T.C. Anayasası'nın 56.maddesinde belirtilen; 'Herkesin sağlıklı ve dengeli bir çevrede yaşama hakkının', sadece mevcut hukuksal düzenlemelerle sağlanamayacağı' düşüncesiyle, bilimin ışığında kamuoyunun bilgilendirilmesi, koruma bilincinin geliştirilmesi ve yaygınlaşması, her türlü çevresel kirlenme, doğal ve kültürel değerin bozulmasına yönelik faaliyetler konusunda kamuoyunun bilgilendirilmesi ve uyarılması, bu kirletici ve bozan faaliyetlerin önüne geçmek için, her türlü idari ve hukuksal yola başvurmak, demokratik baskı grubu işlevini görmek, bu konuda yapılan yasal düzenlemelerin ve yönetim faaliyetlerinin ulusal ve uluslararası hukukun tanıdığı yollarla takipçisi olmak, her türlü çalışmayı yapmak' amacıyla sendika, dernek, meslek odası, sivil inisiyatif, platform ve diğer insan topluluklarının ve tek tek bireylerin çalışmalarını, sorunları ortaklaştırmak, güç birliğini sağlamak, üzere Samsun Çevre Platformu kurulmuştur.(8 Kasım 2106 tarihli kuruluş Yönergesi'nden)
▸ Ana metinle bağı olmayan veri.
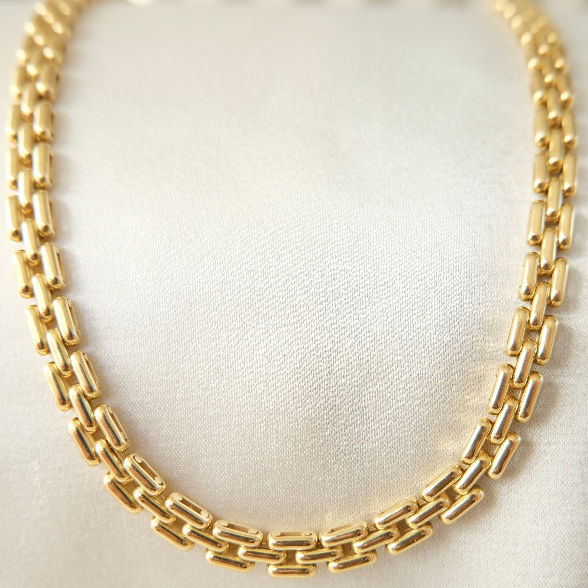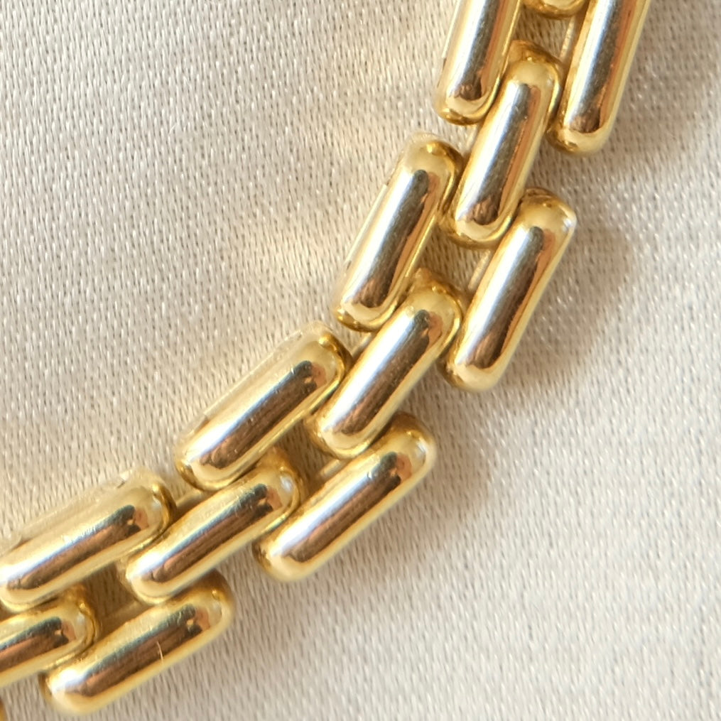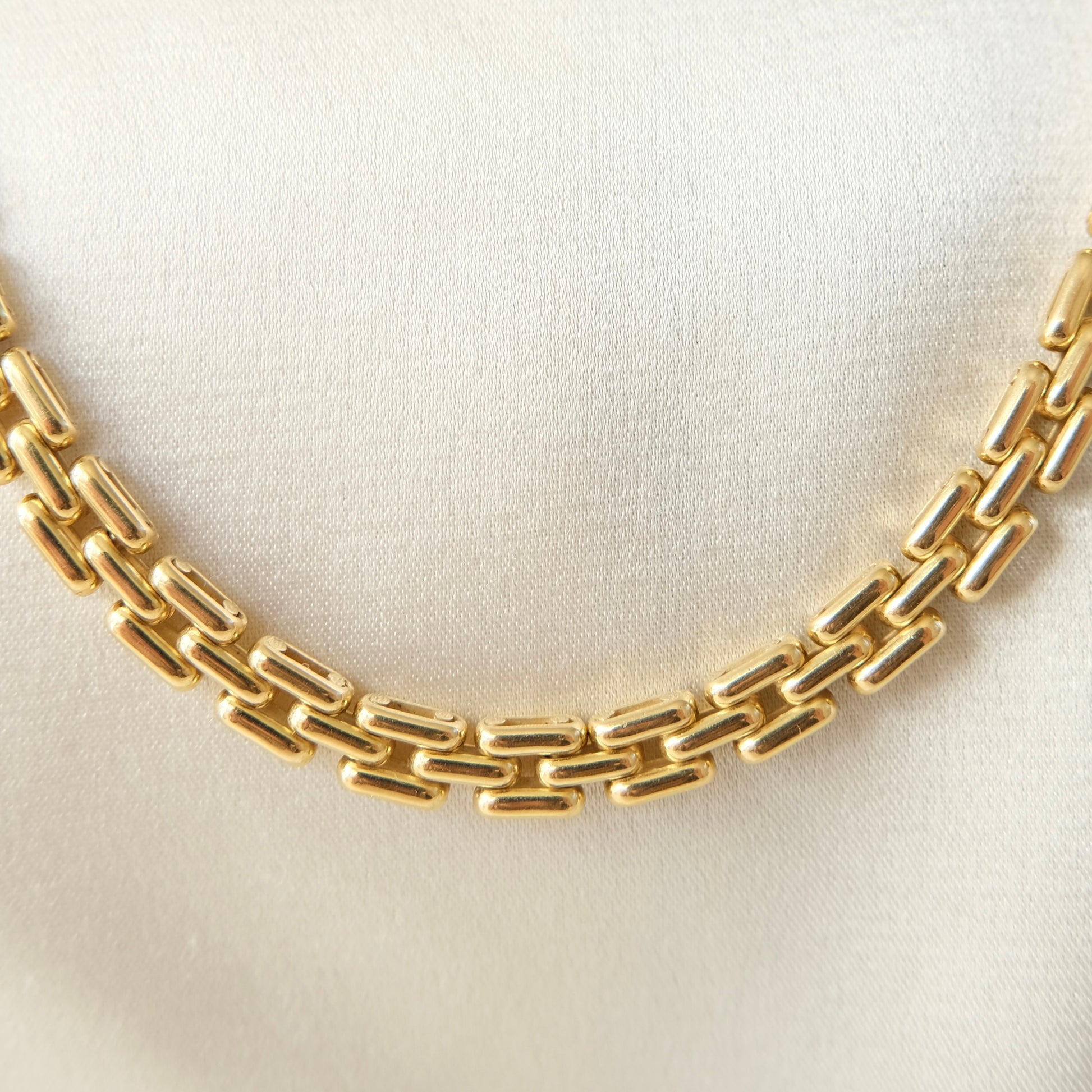 A stunning 18k gold, French panther link necklace in perfect condition with box clasp (the best kind of clasp). Measures 16.5 inches, 25.2g circa 1970.
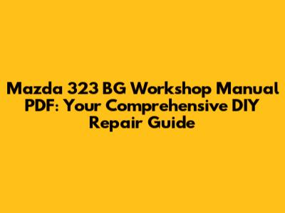 Mazda 323 BG Workshop Manual: Your DIY Repair Guide
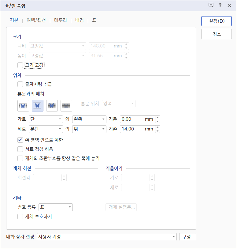 - 표 전체를 선택하고, 글자처럼 바꾸기 등 설정을 바꾸고 싶은 경우에는 F11을 누르고 P를 선택하면 됩니다.
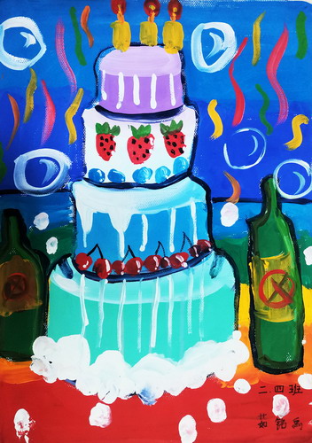 水粉画《蛋糕》
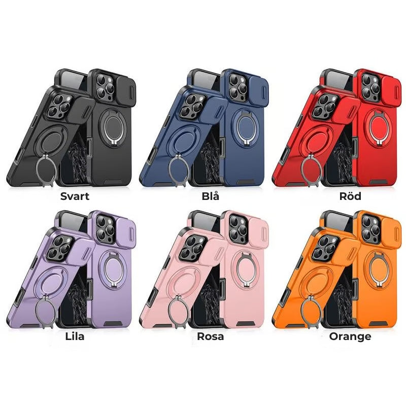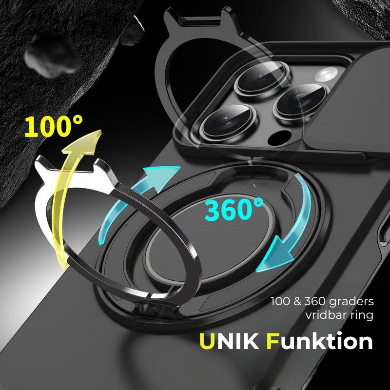 iPhone-fodral med skjutbart kameraskydd och vridbart ringstativ
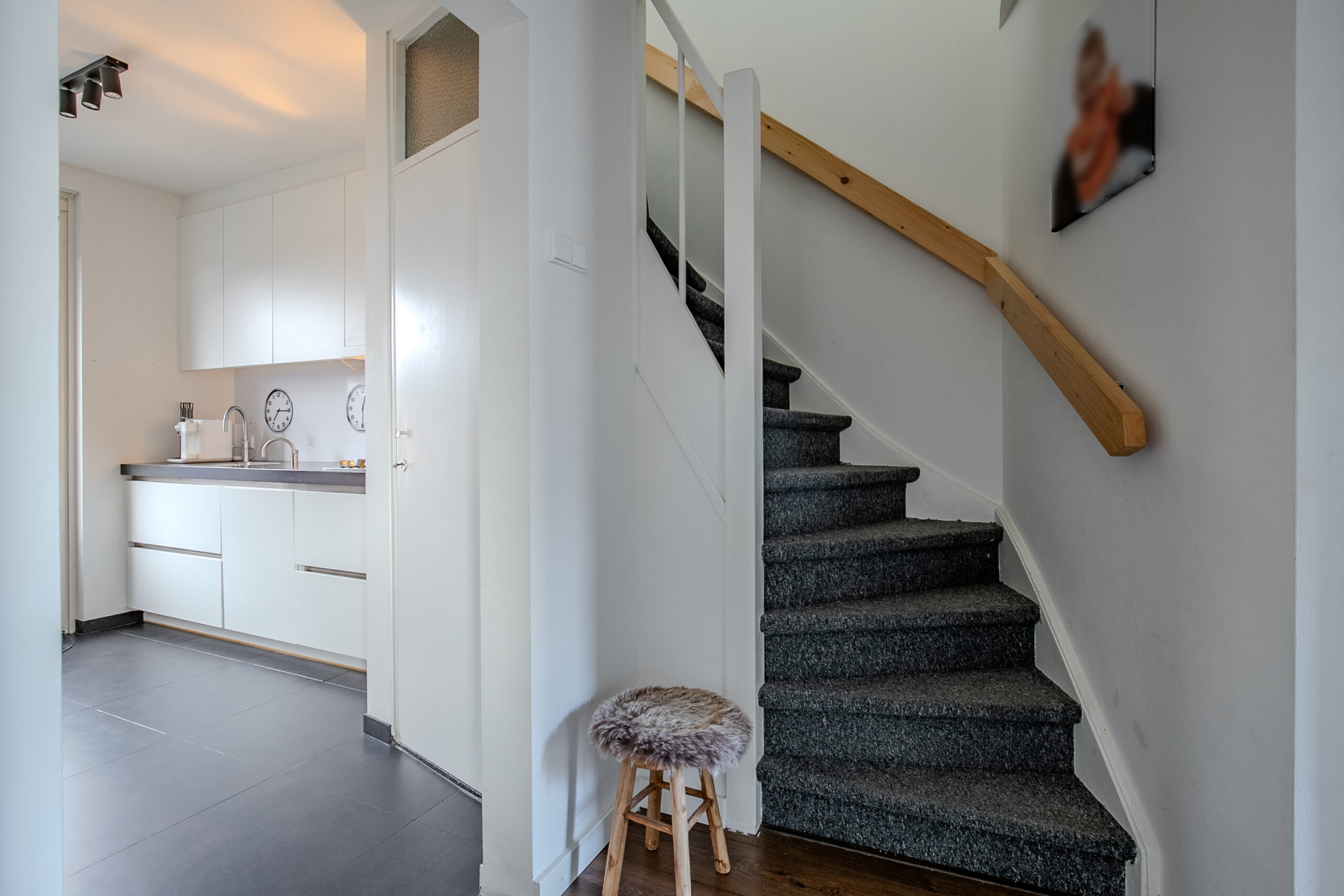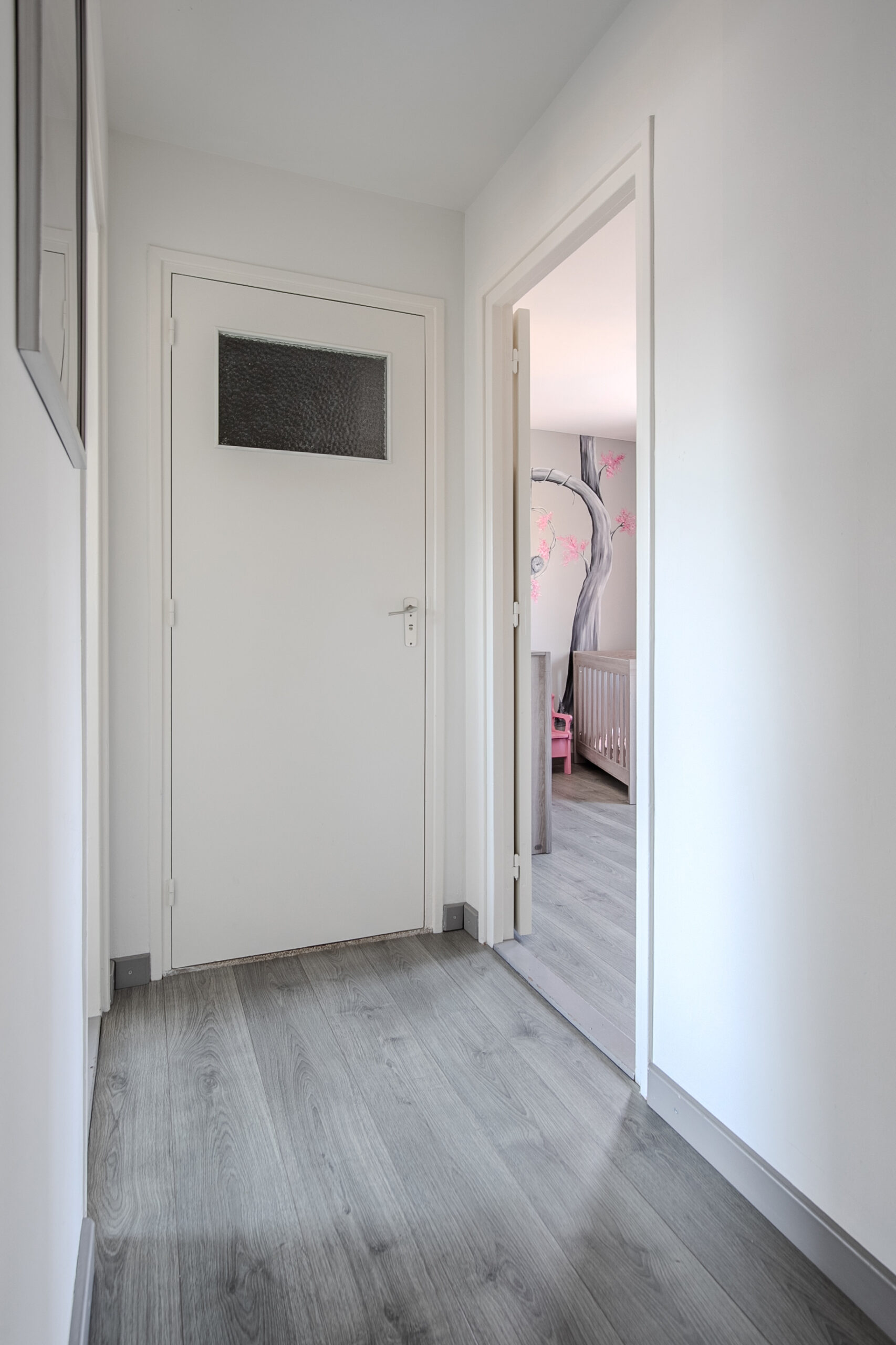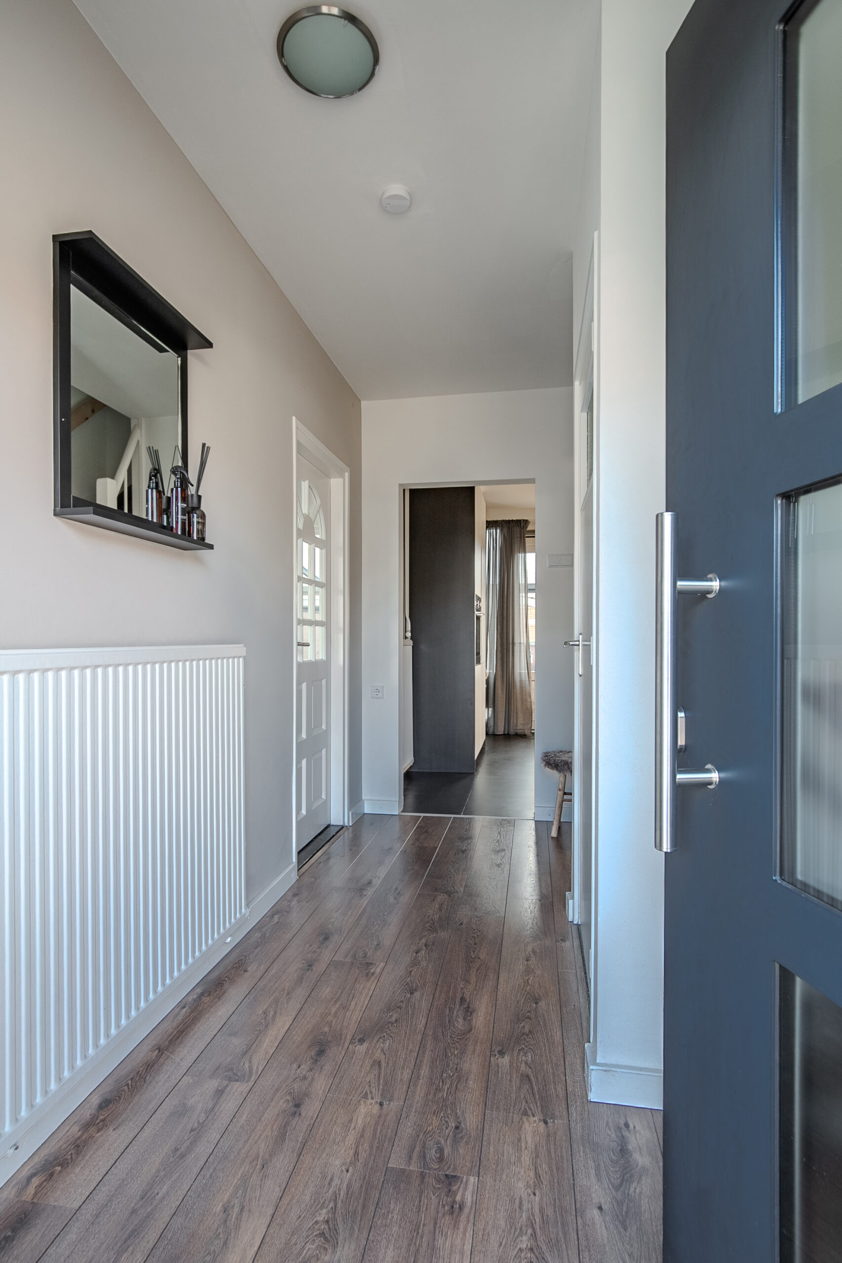 De ruime voortuin is onderhoudsvriendelijk aangelegd. De moderne kunststof voordeur geeft een welkome en frisse uitstraling aan dit huis. De hal is voorzien van een laminaatvloer, de meterkast en de geheel betegelde toiletruimte met zwevend toilet en fonteintje. Er is een lichte woonkamer 7.32 x 3.58 eveneens met laminaatvloer en stucwerkwanden. De gesloten keuken heeft een frisse en neutrale uitstraling door de witte, greeploze keukeninstallatie met donker werkblad. De keuken is voorzien van de volgende inbouwapparatuur: gaskookplaat, afzuigkap, oven, koelkast, vrieskast, vaatwasser en Quookerkraan. Er is extra veel bergruimte door de handige kelderkast in de keuken.
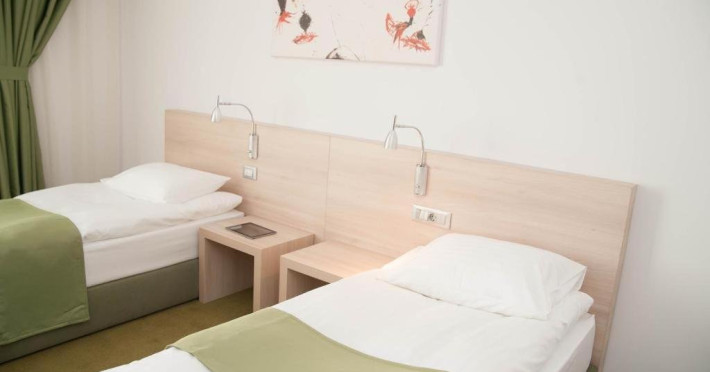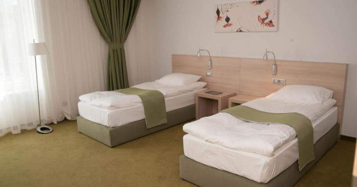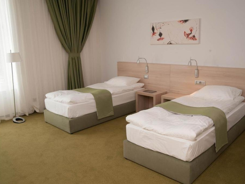 Camera superioara twin Camera twin (25m2), cameracu decor elegant, vedere la munte, zona de relaxare, TV cu ecran plat cu canaleprin cablu, WiFi gratuit, birou, minibar, aparat de ceai, aparat expresso,articole de toaleta gratuite, uscator de par, fier de calcat si masa de calcat,minibar, seif in camera, aer conditionat cu 4 treptede turatie, camera de nefumatori
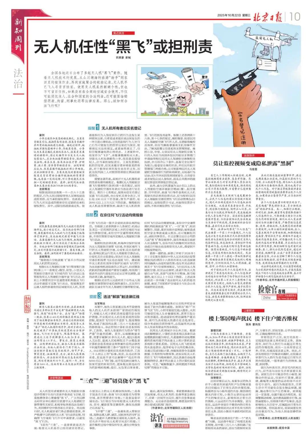 全国各地近日公布了多起无人机“黑飞”案件。随着无人机技术的发展,从山川湖海的旅游“助手”到农田里的植保作业,再到家庭聚会的航拍记录,无人机早已飞入寻常百姓家。使用无人机虽然新潮个性,但也不可盲目任性,如果没有在合规的空域安全使用,不仅可能侵犯他人、社会和国家的合法利益,还可能面临赔偿罚款、拘留、刑事处罚等法律后果。那么,该如何合法飞行呢?
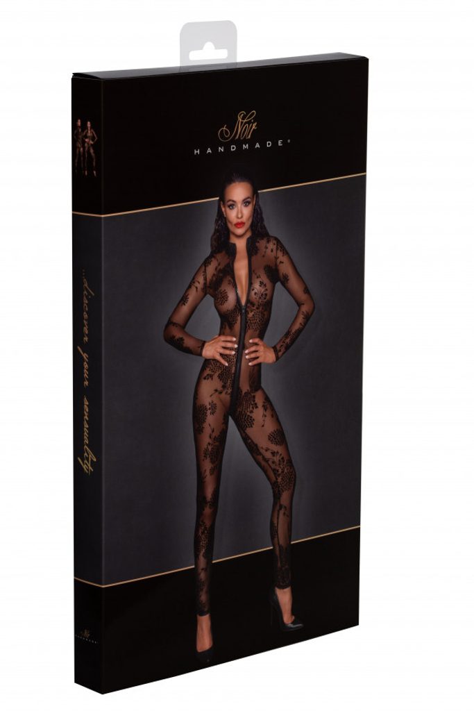 Această salopetă lungă și sexy din tulle este decorată cu broderie în formă de fulgi și un fermuar lung 3 în 1, care merge de la guler până la șliț. Acest design curat pune în evidență feminitatea cochetă.
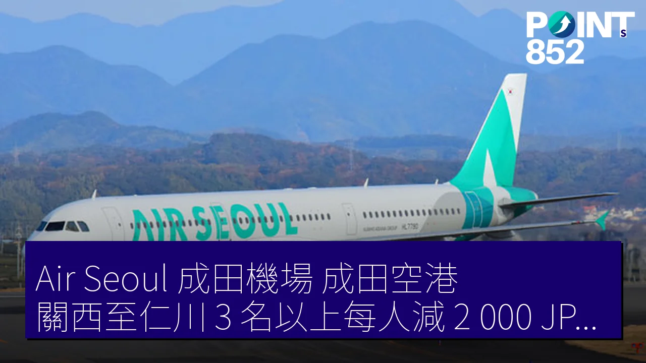 Air Seoul 成田機場(成田空港)關西至仁川 3 名以上每人減 2,000 JPY 4 月 23 日至 6 月 22 日
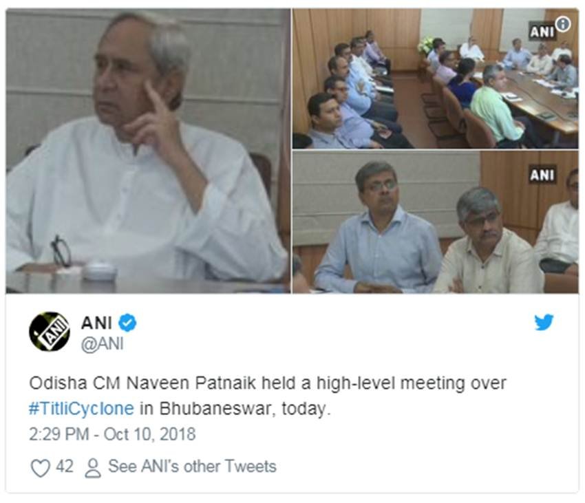 ओडिशा के मुख्यमंत्री नवीन पटनायक ने कहा कि हम तितली तूफान से बचने के लिए सभी कोशिश कर रहे हैं। उन्होंने कहा कि हम 3 लाख जलाशयों की निगरानी कर रहे हैं। आवश्यक सेवाओं और सामानों की आपूर्ति के साथ तैयार हैं। इसके अलावा लोगों से अपील की है कि किसी तरह की अफवाहों से परेशान होने की जरूरत नहीं है।
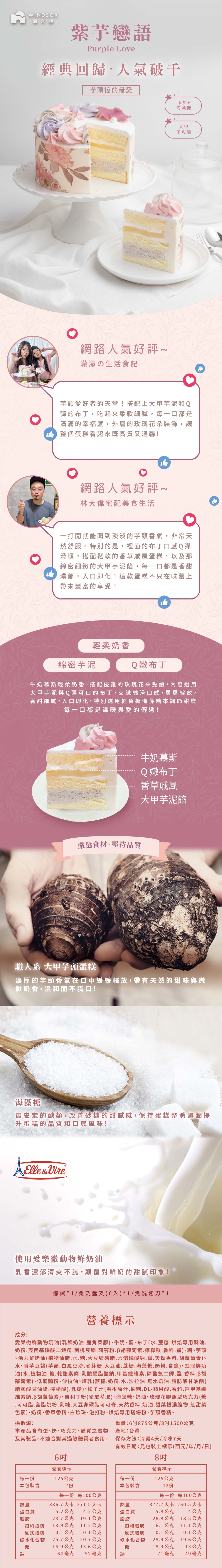 <輕柔奶香×綿密芋泥 ×Q嫩布丁> 牛奶慕斯輕柔奶香,搭配優雅的玫瑰花朵點綴,內餡選用大甲芋泥與Q彈可口的布丁,交織綿滑口感,層層綻放,香甜細膩,入口即化,特別選用輕負擔海藻糖來調節甜度,每一口都是溫暖與愛的傳遞。
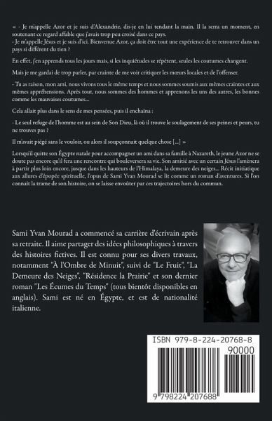 - Je m'appelle Azor et je suis d'Alexandrie, dis-je en lui tendant la main. Il la serra un moment, en soutenant ce regard affable que j'avais trop peu croisé dans ce pays. - Je m'appelle Jésus et je suis d'ici. Bienvenue Azor, ça doit être tout une expérience de te retrouver dans un pays si différent du tien ? En effet, j'en apprends tous les jours mais, si les inquiétudes se répètent, seules les coutumes changent. Mais je me gardai de trop parler, par crainte de me voir critiquer les murs locales et de l'offenser. - Tu as raison, mon ami, nous vivons tous le même temps et nous sommes soumis aux mêmes craintes et aux mêmes appréhensions. Après tout, nous sommes des hommes et apprenons les uns des autres, les bonnes comme les mauvaises coutumes... Cela allait plus dans le sens de mes pensées, puis il enchaîna : - Le seul refuge de l'homme est au sein de Son Dieu, là où il trouve le soulagement de ses peines et peurs, tu ne trouves pas ? Il m'avait piégé sans le vouloir, ou alors il soupçonnait quelque chose [...] Lorsqu'il quitte son Égypte natale pour accompagner un ami dans sa famille à Nazareth, le jeune Azor ne se doute pas encore qu'il fera une rencontre qui bouleversera sa vie. Son amitié avec un certain Jésus l'amènera à partir plus loin encore, jusque dans les hauteurs de l'Himalaya, la demeure des neiges... Récit initiatique aux allures d'épopée spirituelle, l'opus de Sami Yvan Mourad se lit comme un roman d'aventures. Si l'on connaît la trame de son histoire, on se laisse envoûter par ces trajectoires hors du commun.

Samsun'da çevre kirliliği ile mücadele için örgütlenme çabaları, benim de içinde bulunduğum 'Samsun Çevre Birlikteliği' ile 2000'li yılların başından itibaren 6 nolu fuel-oil ile çalışan Mobil Santralin Tekkeköy'e kurulması sırasında başlamış, hızlı ve güçlü bir şekilde büyümüş, bugün Samsun Çevre Platformu (SAMÇEP) adı ile daha geniş katılımlı bir çevre örgütü haline gelmiştir.

Kolay değildir yerelde çevre mücadelesi vermek. Karşınızda sermaye sahibi, siyasilerle de yakın ilişki içinde olan güçlü bir lobi vardır.

Halk, henüz suyuna, toprağına, havasına sahip çıkacak bilinç düzeyinde değildir.

Çevreci örgütleri her şeye karşıymış gibi gösteren, ayrıştıran, terörize eden bir anlayış tepenizde Demokles'in kılıcı gibi sallanır.

Hukuk mücadelelerin de ise, karşı tarafın hukukun boşluğundan yararlanması ile çoğu zaman hayal kırıklığı yaşanır.

Bütün bunlara rağmen, ileride çocuklarımıza, torunlarımıza bırakacağımız yaşanılabilir bir çevre için çevre örgütlerinin tarihi bir sorumluluğu vardır.

Gündemin sıcak konusu olan, Eğercili' de yapılmakta olan biokütle enerji santrali olsun, Kavak- Havza Şahin Dağları'nda maden arama olsun bu girişimlerin, çevre ile ilişkilerinin ortaya konulması ve yöre halkının bilgilendirilmesi, farkındalık yaratılması hep çevre örgütlerinin sorumluluğundadır.

Üniversitelerin ve meslek odalarının bilimin ışığında konu ile ilgili hazırladıkları raporlar çevre örgütlerinin en önemli argümanlarıdır. Ayağı yere basmayan teorinin pratiği de başarılı olamaz.

Çevreyi koruma adına her türlü özveri ile mücadele eden tüm çevre örgütlerinin ve SAMÇEP bileşenlerinin, dedelerden torunlara miras olan toprağın, suyun, havanın korunması adına verdikleri mücadeleyi selamlıyor ve halkımızın onları yalnız bırakmayacağına inanıyorum.